The Timeliness of SCORM 2.0 Discussions
Last Friday, I submitted two white papers forged with considerable ideas and suggestions from professional colleagues (Tom King), fellow professionals (Ethan Estes and Steve Flowers), and new colleagues from around the world (Martin Ebner).
Like Philip Hutchinson, I began the efforts with a serious attempt to produce a formal and very “serious” (read: academic) body of work. I additionally tried to take an informal, yet collaborative approach to writing the papers through the use of Google Docs. Like Philip, even though I turned in my papers on time, I don’t know that I got it all written exactly as I want to express my thoughts. Without ample review of the papers prior to their submission, I must accept that they’re conversation starters (hopefully), and that the discussion that should follow will take the initial ideas proposed and give them life and definition.
My papers are here:
- SCORM 2.0 Content Authoring Standards & Services
- Engagement, Collaboration and Community in SCORM 2.0
Ironically (or just coincidentally depending on whether you’re a fan of Alannis Morrisette or not), the transparent and completely open formation of what is to become SCORM 2.0 is happening at the same time as we learn about the dissolution of the ECMAScript group and the CSS-WG in the W3C. Plenty of good discussions of what went down here, here, here and here.

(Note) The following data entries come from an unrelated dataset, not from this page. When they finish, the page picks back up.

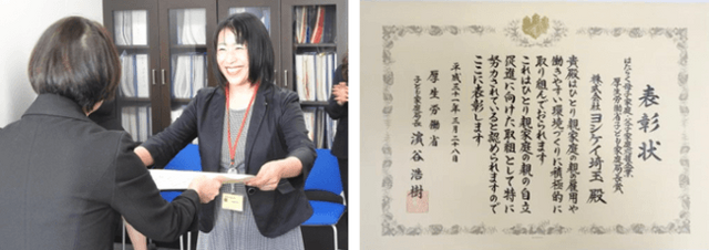 つくる人から笑顔に。をテーマに全国で“食材(ミールキット)宅配サービス”を提供するヨシケイグループのフランチャイジーである(株)ヨシケイ埼玉(本社:埼玉県所沢市 代表:室伏裕司)は、母子家庭の母または父子家庭の父の就業を積極的に支援している企業として、厚生労働省より平成30年度「はたらく母子家庭・父子家庭応援企業表彰」を受賞しました。(株)ヨシケイ埼玉では社員439名中、82名がひとり親として勤務しています。ヨシケイグループでは、平成28年度の(株)ヨシケイ石川、平成29年度の(株)ヨシケイ富山に続き、本年度受賞の(株)ヨシケイ埼玉と、3年連続の受賞となりました。
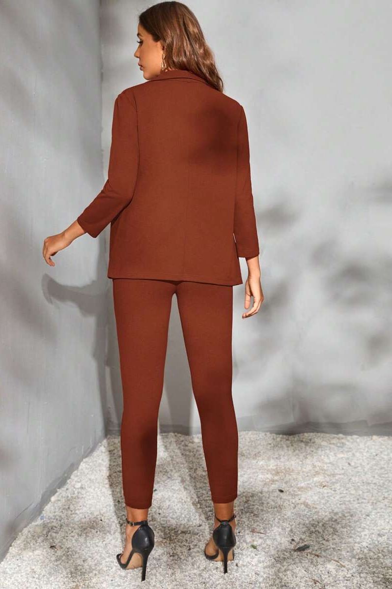 Souprava Maria přináší novou definici profesionální elegance s moderním akcentem. Tato tmavě modrá souprava, skládající se z asymetrické dlouhé blůzy s prodlouženými detaily zipu a přiléhavých slim kalhot, nabízí styl, strukturu a diskrétní sofistikovanost. Ideální pro chladnější roční období, Maria kombinuje sofistikovanost a působivý design – perfektní pro ty, kteří přistupují k práci s odhodláním a šarmem.
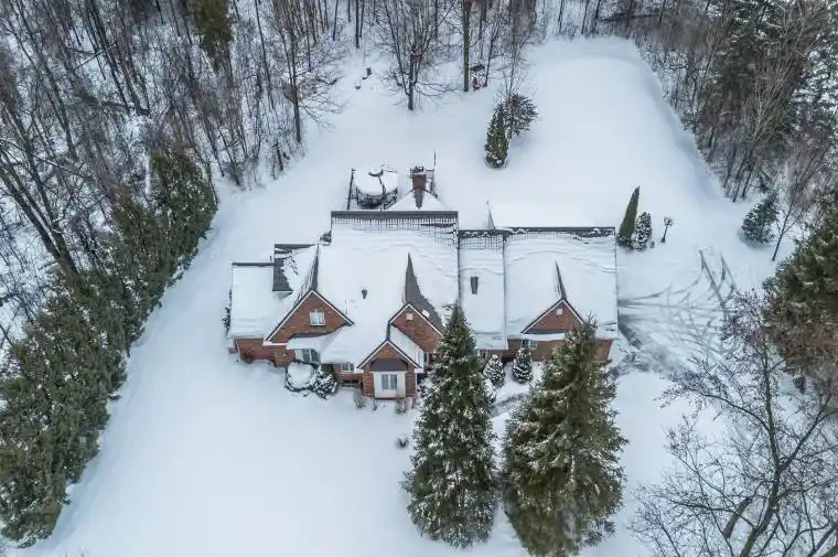 Country Estate! On a tranquil 1.25 acre lot. Custom built 4,000+ sq.ft. reclaimed brick residence with metal roof and triple garage. There are 5 bedrooms (each with an ensuite) and 7 bathrooms. This sprawling bungaloft has 2 master bedroom suites – one on the main floor and one upstairs. Gourmet kitchen and dinette overlook the picturesque grounds. Main floor also includes formal living and dining rooms, family room and library/office. Enclosed porch/ sunroom. Outdoor space includes a 900+ sq.ft. deck, gazebo and firepit. Huge workshop in basement plus hobby room. Good access to 401, Breslau airport, Guelph, Kitchener and Cambridge. Nature lovers welcome here!
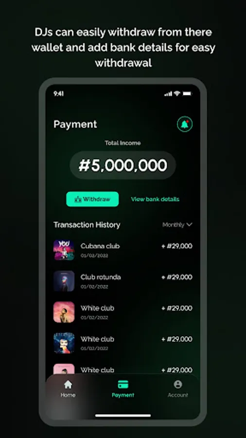 Flowrythm allows you to play songs requested by listeners and get paid while at it. You can create a schedule for an upcoming event and get alerted for the event. During the event, users get to request any song of their choice which gets played by you depending on your decision and you get paid while at it.
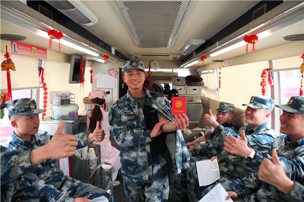 “作为一名军人,能以无偿献血的方式帮助他人,我觉得很有意义。” 3月5日是学雷锋纪念日,驻上海市闵行区古美路街道空军95958部队的列兵李宏宇和40余名战友,登上停靠在部队大院的献血上捋袖无偿献血,以实际行动践行雷锋乐于奉献的无私精神。
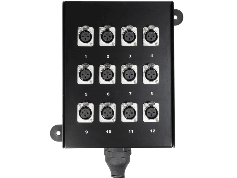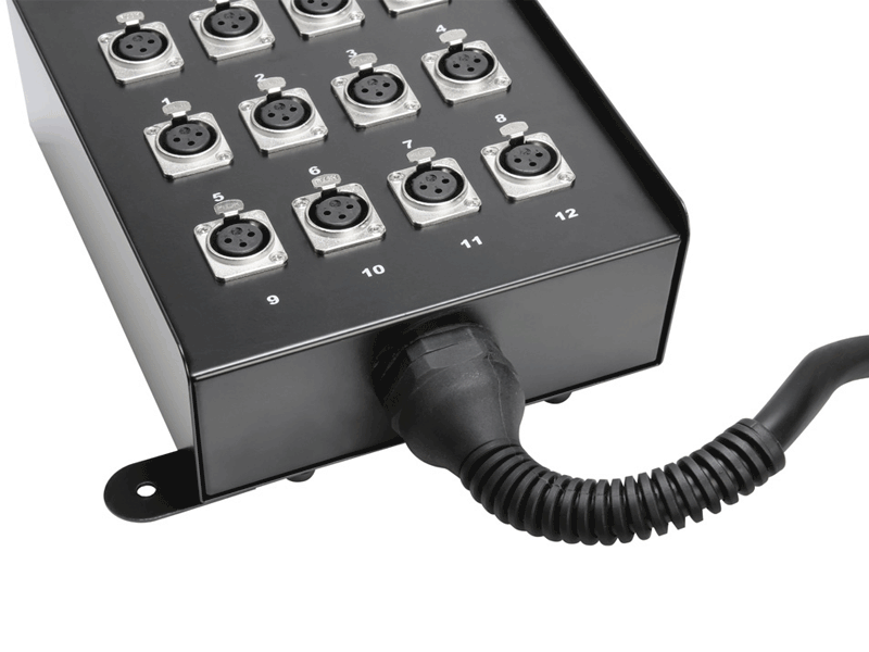 The all-metal stage box has a solid strain relief in the transitional area between box and cable and an additional mounting lug for permanent installation. The additionally reinforced transition to the terminations prevents fatigue and cable breakage.
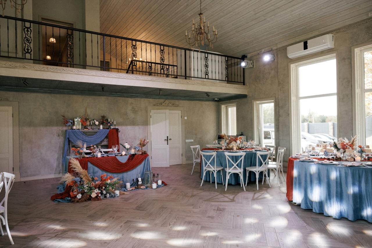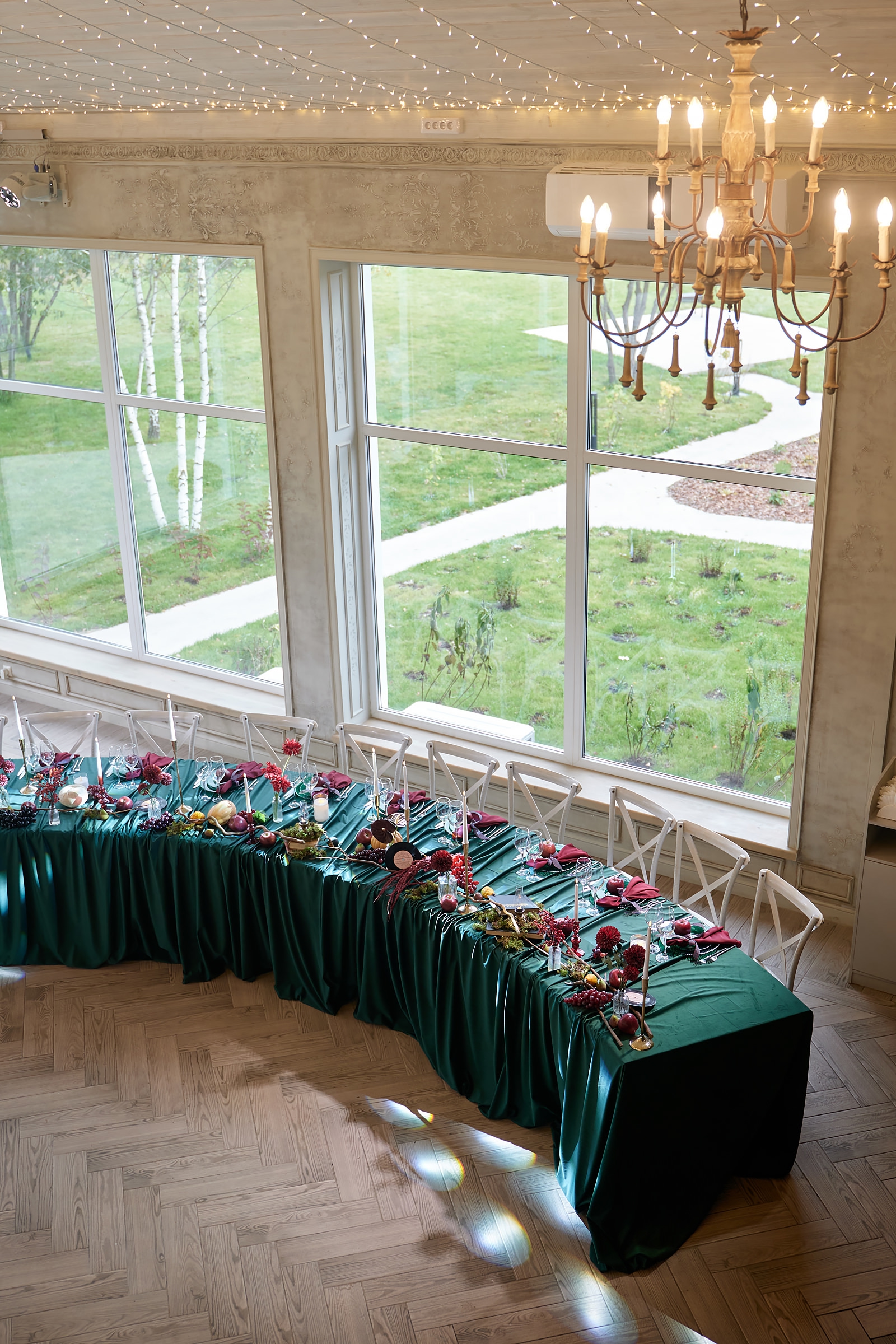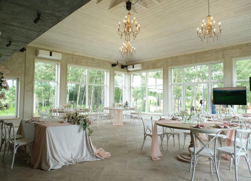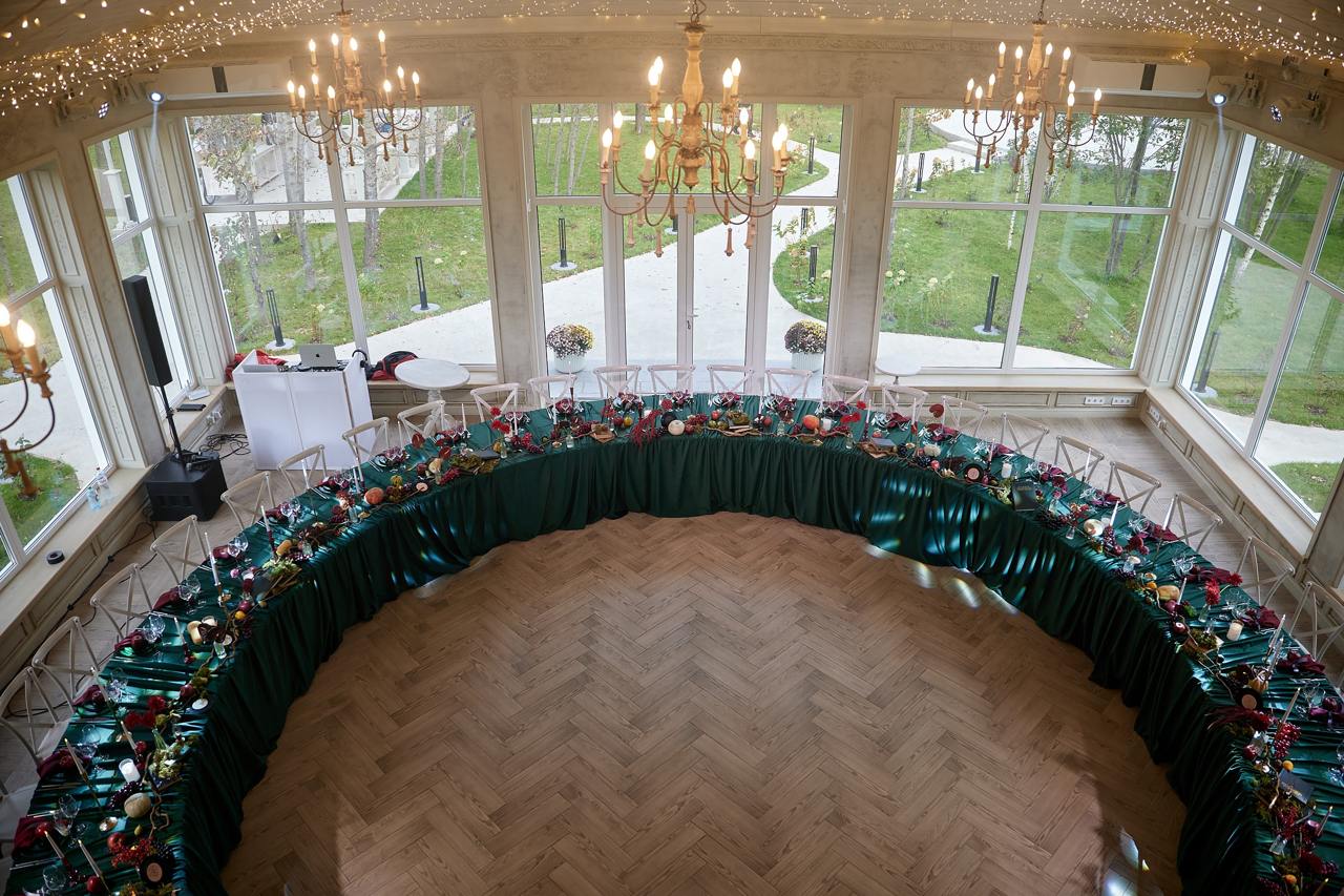 Панорамные окна дают много ественного света для красивых фото, а высокие потолки ещё больше придают залу воздушности.
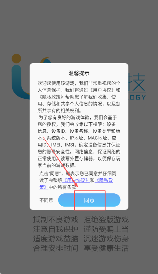 1、首先点击同意按钮确认用户协议和隐私政策条款内容,完成游戏初始设置流程,为后续游戏体验做好准备并熟悉基本操作。
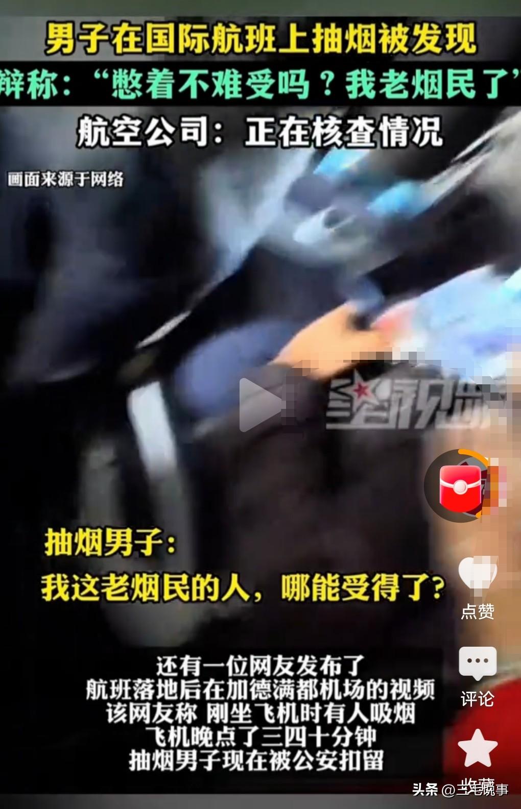 这真是太离谱了吧,竟然敢在飞机上抽烟,这真的是无法无天啦。 3月29日,一男子在国际航班上抽烟。 这也真是个奇葩,这是一点都不懂规矩啊。 他还振振有词的说道,我是老烟民了,憋着不难受吗? 当然下飞机后就被扣留了。 只要敲响了警钟,千万别干这种蠢事。 再说了,抽烟也不是什么好事,对自己也不好,飞机上抽烟那是让别人抽二手烟,是很没素质的行为,也涉及违法了。 还弄得烟雾警报器都报警了。
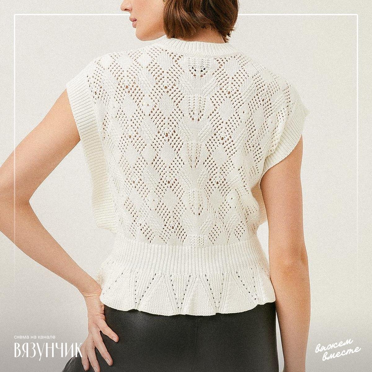 Небольшие ажурные ромбы, вертикально направленные узоры, акцент на талии, баска — очень женственно и аккуратно.
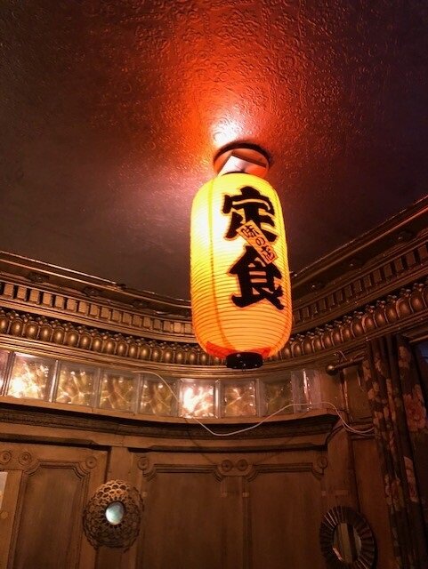 光り輝く天井に赤提灯の写真の奥に、
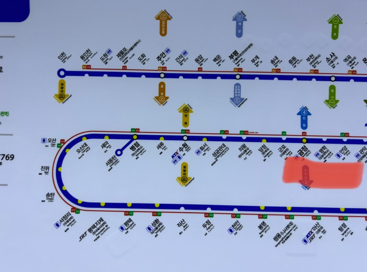 (‘금정’, ‘명학’에는 개찰구 안에 화장실이 있다.)
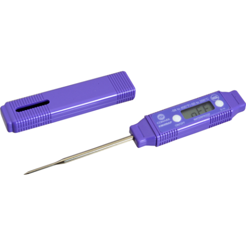 Taylor® Pocket Thermometer, digital, -40° to 400°F (-50° to 204°C) temperature range, 3" probe, 6" OA, purple, NSF
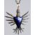 A LARGE BIRD PENDANT SET WITH RUBY EYE AND DIAMONDS, with a navy blue enamel inlay, in white and yellow metal, with chain, boxed.
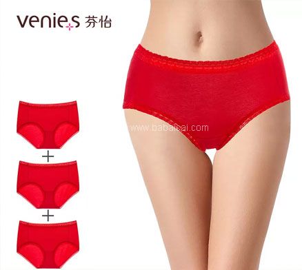 这款Venies 芬怡 中高腰提臀本命年棉质蕾丝内裤3条装,92%长绒棉+8%弹性氨纶科学配比,亲肤舒适;中腰棉感蕾丝花边,柔软无刺激,中腰无痕包臀不夹臀,穿着更舒适。
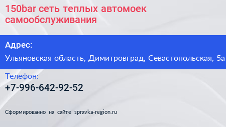 150bar, сеть теплых автомоек самообслуживания по адресу Ульяновская область, Димитровград, Севастопольская, 5а в дальнейшем Организация, размещена в следующих категориях:
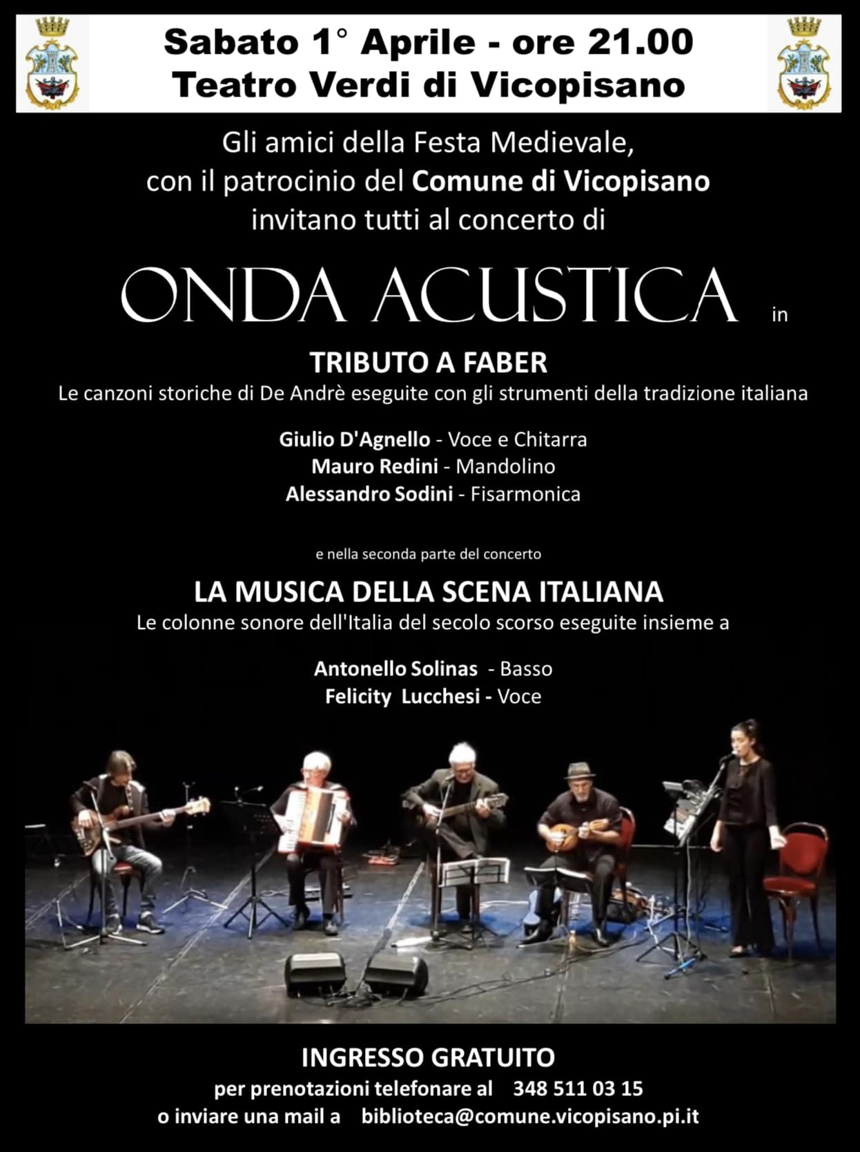 Musica e solidarietà al Teatro di via Verdi il 1° aprile, alle 21:00, gli amici della Festa Medievale di Vicopisano organizzano infatti il concerto Onda acustica che includerà un Tributo a Fabrizio De André, con le sue canzoni più belle, e La musica della scena italiana, con le colonne sonore dell’Italia del secolo scorso.
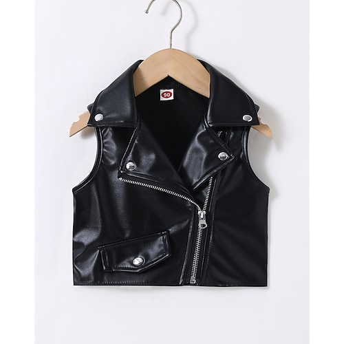 Bambini Ragazze Giacca in pelle nera Giacca di pelle Tinta unica Moda Cerniera Tasca All'aperto Cappotto Capispalla Dai 4 anni in su Autunno Argento Nero Rosa

It’s pretty crazy to me that all the reasons being cited as to why these two groups fell apart all boil down to similar root causes:
- Trying to take on too much by doing innovation by committee instead of codifying exemplars of best practice.
- Working behind closed doors.
- Losing the “vision.”
At least, that’s how I see it.
Managing that level of response is proving to be challenging. The rewards, however, are so worthwhile. Each member of the Program Committee has a “Bird Dog” — which means we have a paper we’re going to actively promote and raise awareness to. I have ten (they’re small ones — like a page each). That also means ten times the discussion (suckas!!!)
We’re going to swipe at these white papers by tagging each of our bird dogs to help us wrangle them into the requirements that will ultimately come together at the SCORM 2.0 Workshop in October (see the LETSI site for details — I’ll be there). The first stab we’re going to take is tagging a paper as proposing a SCORM “evolution” or “revolution.” It may seem simplistic, but we have to get a handle on the wide scope of ideas by starting to categorize them.
- Evolution - SCORM looks like relatively the same animal as before. It has the about the same scope and it solves very similar problems, but perhaps in new and innovative ways.
- Revolution - SCORM is a new beast entirely. It tackles new problems, increases the scope or completely changes the conceptual model.